Correlation Between United Rentals and BP Plastics
Can any of the company-specific risk be diversified away by investing in both United Rentals and BP Plastics at the same time? Although using a correlation coefficient on its own may not help to predict future stock returns, this module helps to understand the diversifiable risk of combining United Rentals and BP Plastics into the same portfolio, which is an essential part of the fundamental portfolio management process.
By analyzing existing cross correlation between United Rentals and BP Plastics Holding, you can compare the effects of market volatilities on United Rentals and BP Plastics and check how they will diversify away market risk if combined in the same portfolio for a given time horizon. You can also utilize pair trading strategies of matching a long position in United Rentals with a short position of BP Plastics. Check out your portfolio center. Please also check ongoing floating volatility patterns of United Rentals and BP Plastics.

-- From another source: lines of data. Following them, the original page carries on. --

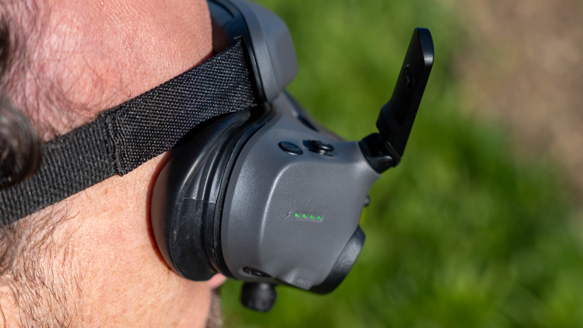 Ebenfalls hilfreich dabei ist die verbesserte Ergonomie – wenn man denn mal die Brille richtig auf sich eingestellt hat. Dazu kann man sowohl die Fehlsichtigkeit an den Okularen einstellen, als auch den Augenabstand mit den unteren einstellen. Hat man mal verstanden wie es geht, ist es eigentlich ganz einfach. Die Brille wiegt theoretisch etwas mehr, doch der Akku sitzt nun auf der Rückseite mittig im Gummiband. Damit zieht nicht mehr ein Kabel die Brille nach unten, was für empfindliche Nasen ein Problem beim Vorgängermodell war. Zudem ist die Auflagefläche deutlich verbessert, so dass nun auch längerem Arbeiten nichts mehr im Wege steht. Auch die Abwärme hat DJI offensichtlich etwas verbessert, wobei das Lüftergeräusch der Brille durchaus dominant ist. Und bei warmen Sommertemperaturen wird es auch weiterhin ganz schön schwitzig unter der Brille.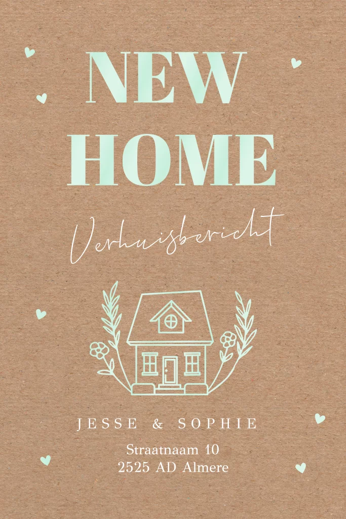 Verhuiskaart kraft look met huisje en hoogglans mintgroen. Pas de kleur van de hoogglans naar wens aan.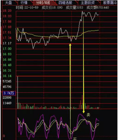 当分时图中已经出现了低背离形态的时候,我们就可以运用KDJ的J值拐头向上,来判断最佳买入时机,这样往往可以买在分时中相对非常低的点位,保证安全。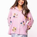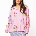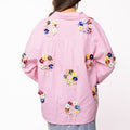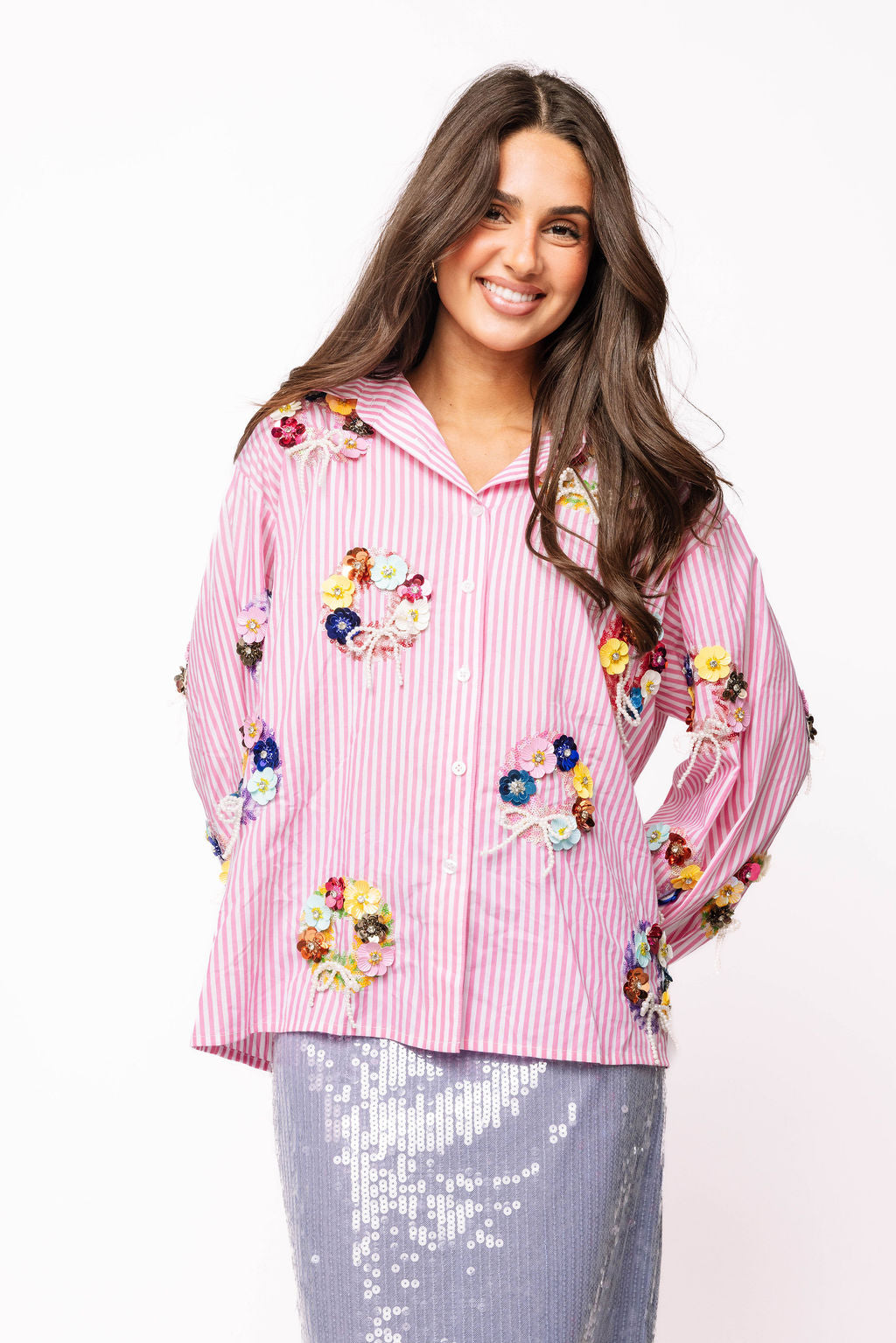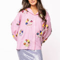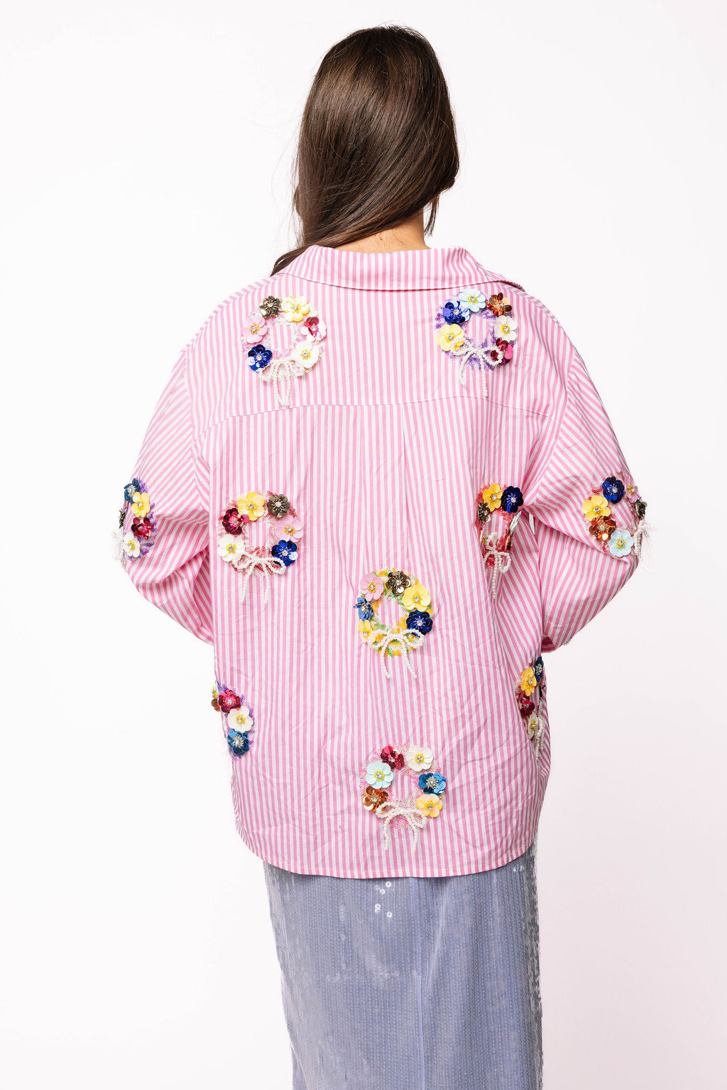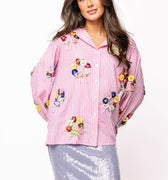 This playful cotton button-up combines classic pink and white stripes with eye-catching sequin flower wreaths on both front and back. Light and breezy, it adds a fun, sparkly twist to your everyday style, perfect for brightening up any outfit with a touch of joyful charm.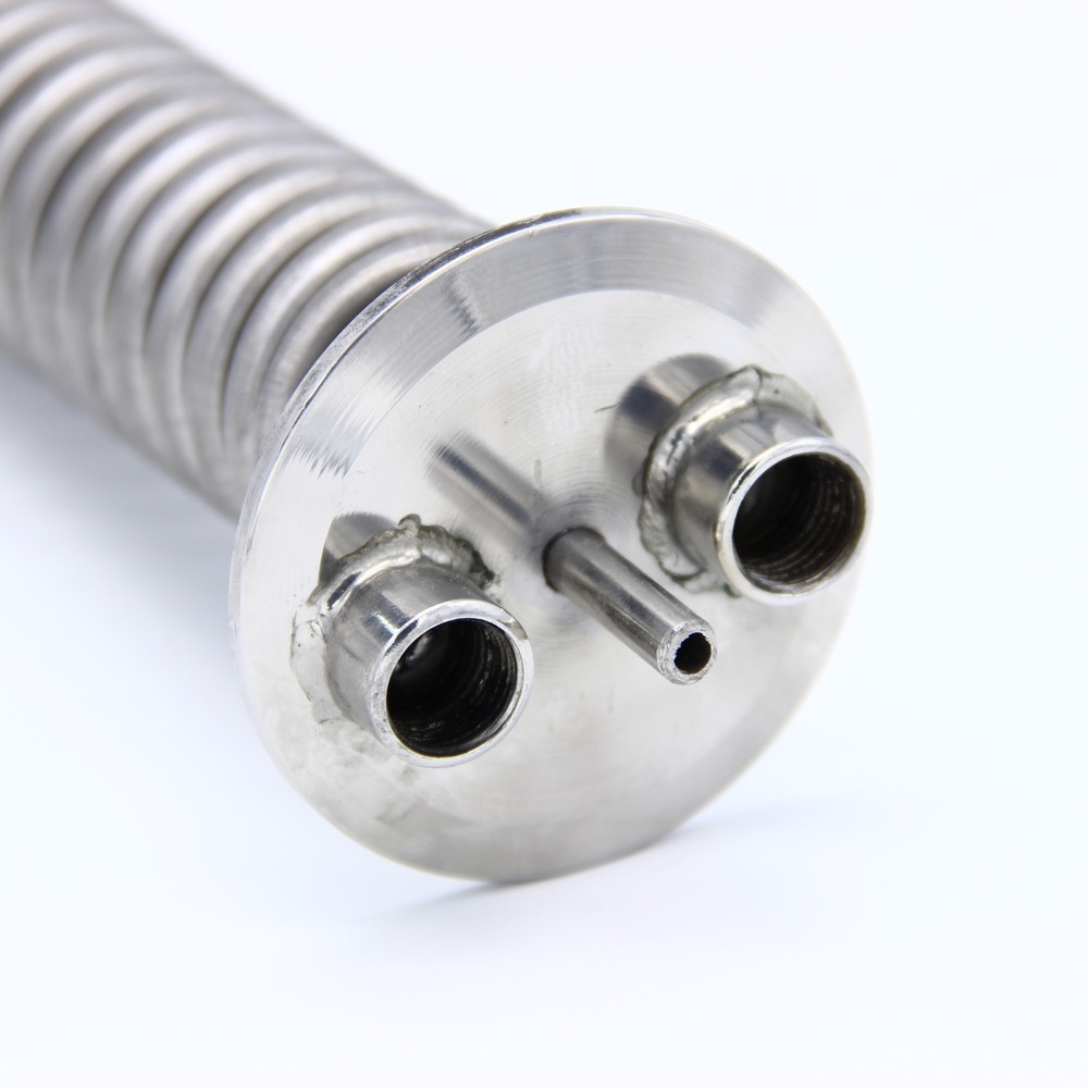 Холодильник Димрота 2" трубка 6 мм обладает значительно лучшими эксплуатационными характеристиками, по сравнению с традиционными прямоточными холодильниками. Это обусловлено большей площадью контура с охлаждающей жидкостью и более эффективным теплообменом. Капли спирта и флегмы задерживаются на витках спирали, подогреваются восходящим паром, поэтому происходит повторная испаряемость и дополнительная очистка. Вода движется по трубке 6 мм, согнутой в форме спирали, при этом происходит не только охлаждение паров и их конденсация, но и дополнительный нагрев стекающей вниз флегмы, что ускоряет процесс разделения фракций. Рекомендуем купить холодильник Димрота 2" трубка 6 мм для получения прозрачного и очищенного от примесей домашнего самогона с минимальным расходом воды из системы водоснабжения. Устройство изготовлено из нержавеющей стали, не подвержено коррозии, может устанавливаться в любую царгу 2 дюйма с кламповыми зажимами. Для защиты от перепадов давления внутри царги предусмотрен отвод в атмосферу.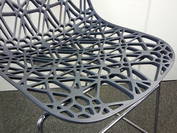 素材はナイロンにガラス繊維をミックスした硬質な素材で丈夫さもありながら、体のラインに沿う立体的な形状で座り心地も実現しています。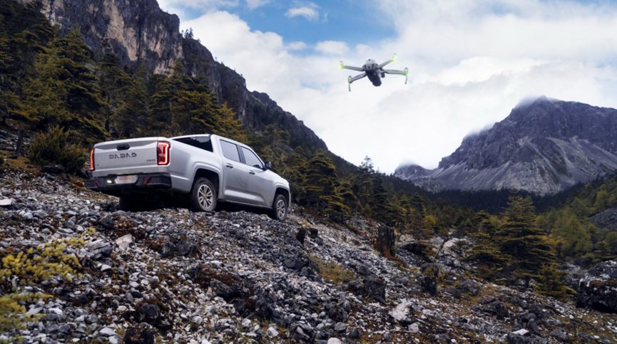 更值得一提的是,江铃大道追光者还支持无人机车机互联,即该车支持无人机伴飞模式,直接在车机大屏操作(必要高难度飞行需配合无人机手柄操作),就能实现无人机起飞、探路、环绕、跟随等,真正实现了用玩合一。相比之下,虽然长城炮的中控屏尺寸稍大一点,智能语音表现也不错,还支持车载Wifi热点功能。但缺乏诸如车载KTV、无人机车机互联这样的亮点功能,行车趣味性稍逊一筹。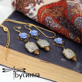 Размер серьги без швензы около 5 см, размер кулона около 5,5 см, цепочка-змейка позолоченная 49 см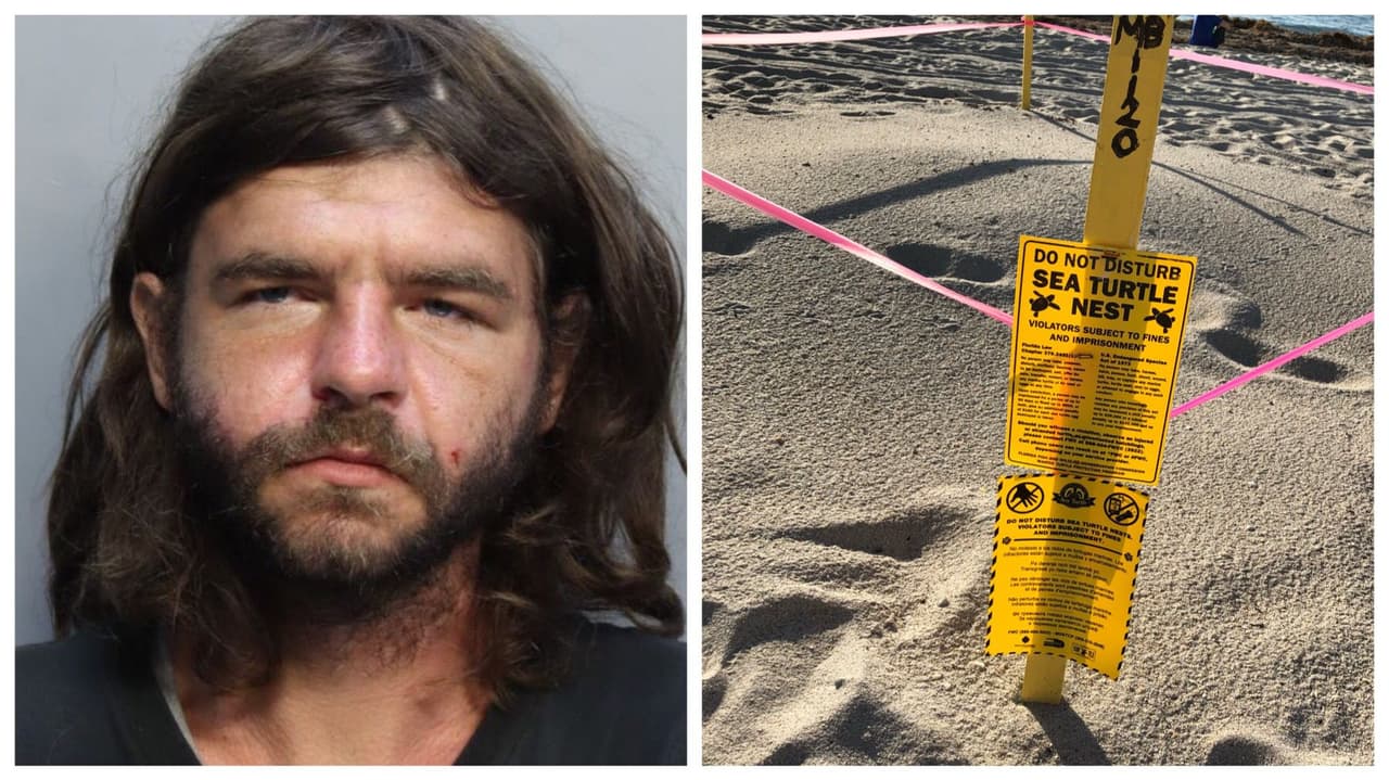 Brandon Bowen, de 33 años, fue arrestado el 4 de Julio acusado de dañar los nidos de las tortugas en Miami Beach, luego que varias personas lo vieron haciéndolo. La policía dijo que el sospechoso argumentó que "solo estaba sentado en la arena", pero hay letreros en español e inglés que advierten no pisar estas áreas.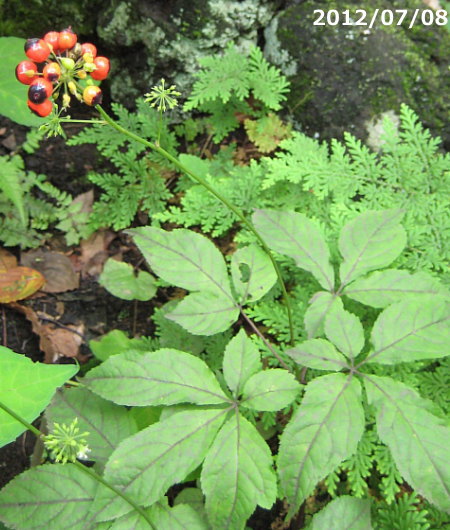 地上部はオタネニンジンに良く似て、茎を1本だけ立て、高さ50~80cmになり、茎頂に長い葉柄のある掌状複葉を3~5枚輪生します。
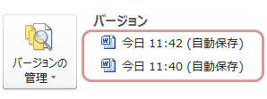 Office2010(Word,Excel,PowerPoint)では編集中に○分間隔(既定10分)で状態が自動保存されるようになりました。編集中、これらのバージョンを取り出して作業することができます。(※既存ファイルに限ります。新規ファイル(未保存のファイル)では以前のバージョンは作成されません)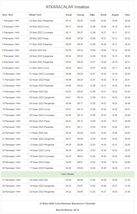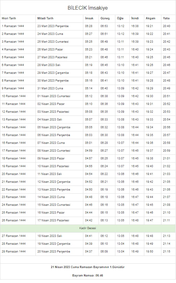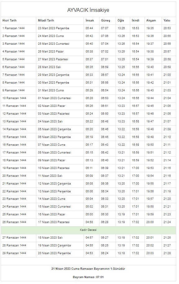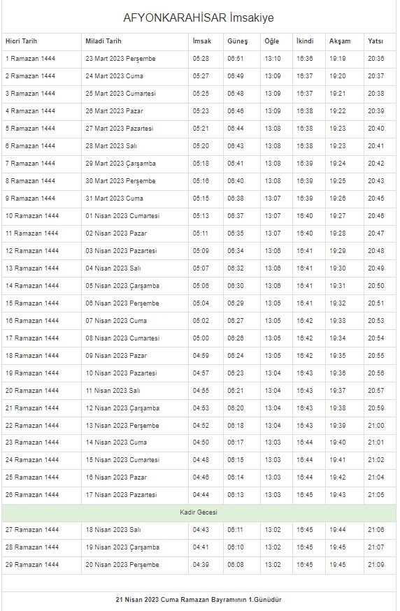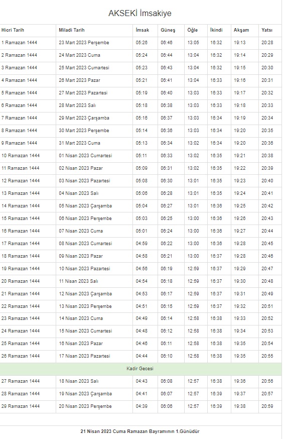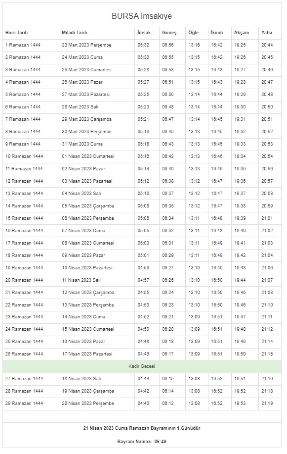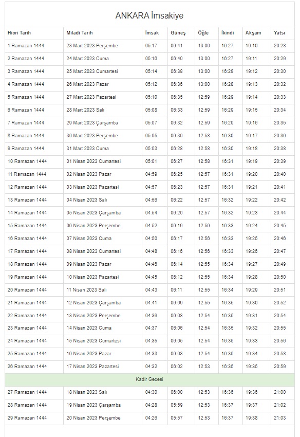 İstanbul, Ankara, Kocaeli, Kayseri, Konya, Bursa... Ramazan İmsakiyesi 2023 | DİYANET 81 il 29 GÜN sahur vakti (imsak) - iftar saatleri!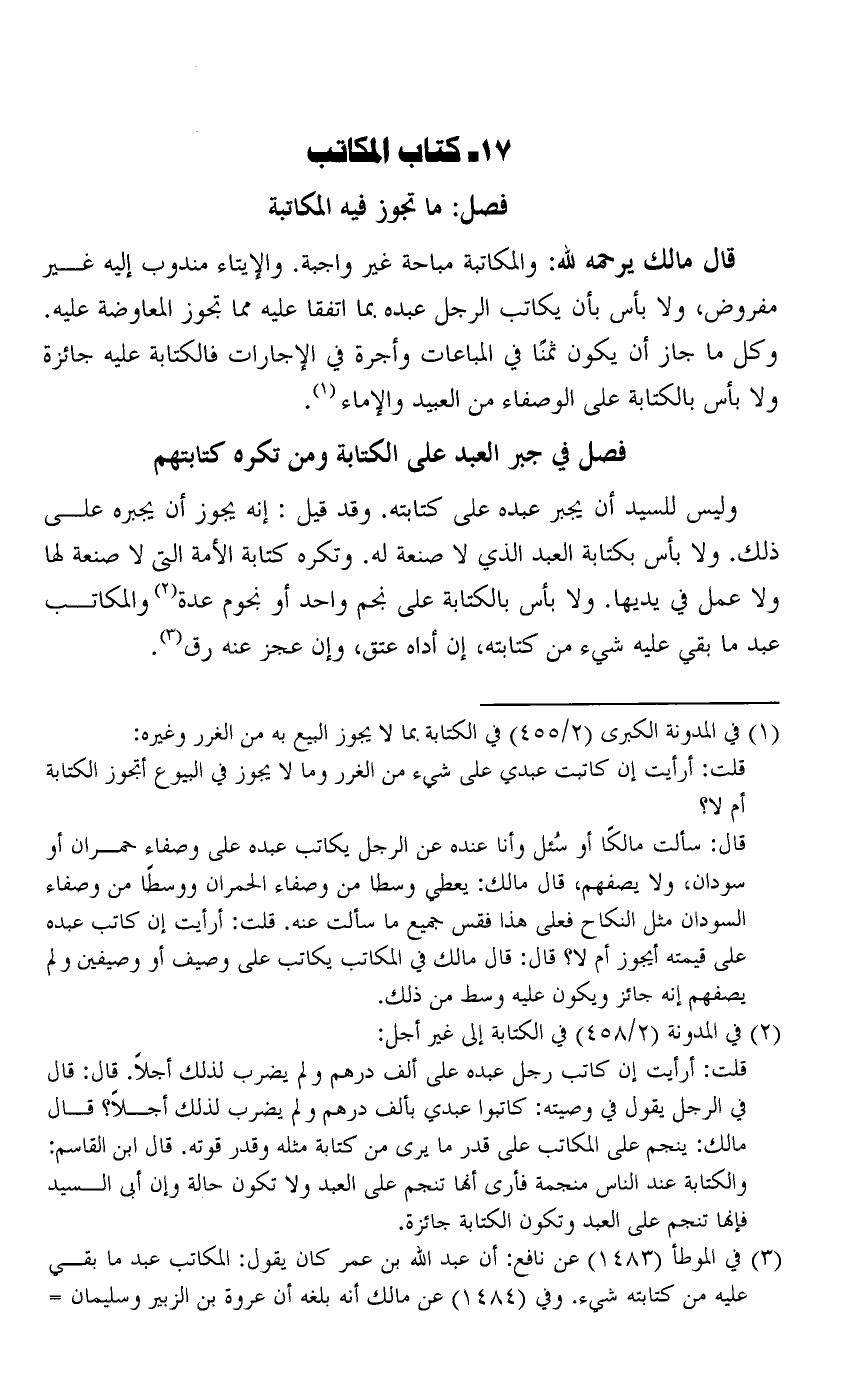 قال مالك يرحمه الله: والمكاتبة مباحة غير واجبة. والإيتاء مندوب إليه غير مفروض، ولا بأس بأن يكاتب الرجل عبده بما اتفقا عليه مما تجوز المعاوضة عليه. وكل ما جاز أن يكون ثمنًا في المباعات وأجرة في الإجارات فالكتابة عليه جائزة ولا بأس بالكتابة على الوصفاء من العبيد والإماء.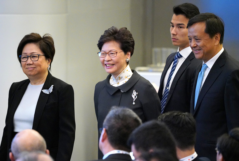 港交所第二屆生物科技峰會昨在香港金融大會堂舉行,行政長官林鄭月娥(中)在港交所集團主席史美倫(左)和港交所行政總裁李小加(右一)的陪同下出席峰會。 中新社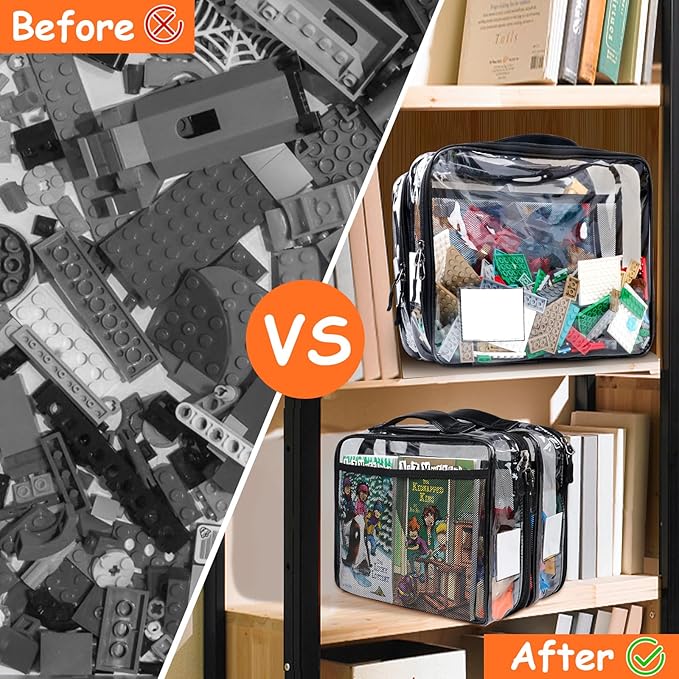 • 【Manual Pocket & PU Leather Handle】The clear name tag is an important part of the toy storage for lego with PU Leather Handle, you can easily identify the items in the case. The manual pocket is an additional feature of the clear storage bags for lego storage, you can find manuals when you need them. The mesh pocket can also store children's favorite toys or picture books.

Diversification Opportunities for United Rentals and BP Plastics
-0.58 | Correlation Coefficient |
Excellent diversification
The 3 months correlation between United and 5100 is -0.58. Overlapping area represents the amount of risk that can be diversified away by holding United Rentals and BP Plastics Holding in the same portfolio, assuming nothing else is changed. The correlation between historical prices or returns on BP Plastics Holding and United Rentals is a relative statistical measure of the degree to which these equity instruments tend to move together. The correlation coefficient measures the extent to which returns on United Rentals are associated (or correlated) with BP Plastics. Values of the correlation coefficient range from -1 to +1, where. The correlation of zero (0) is possible when the price movement of BP Plastics Holding has no effect on the direction of United Rentals i.e., United Rentals and BP Plastics go up and down completely randomly.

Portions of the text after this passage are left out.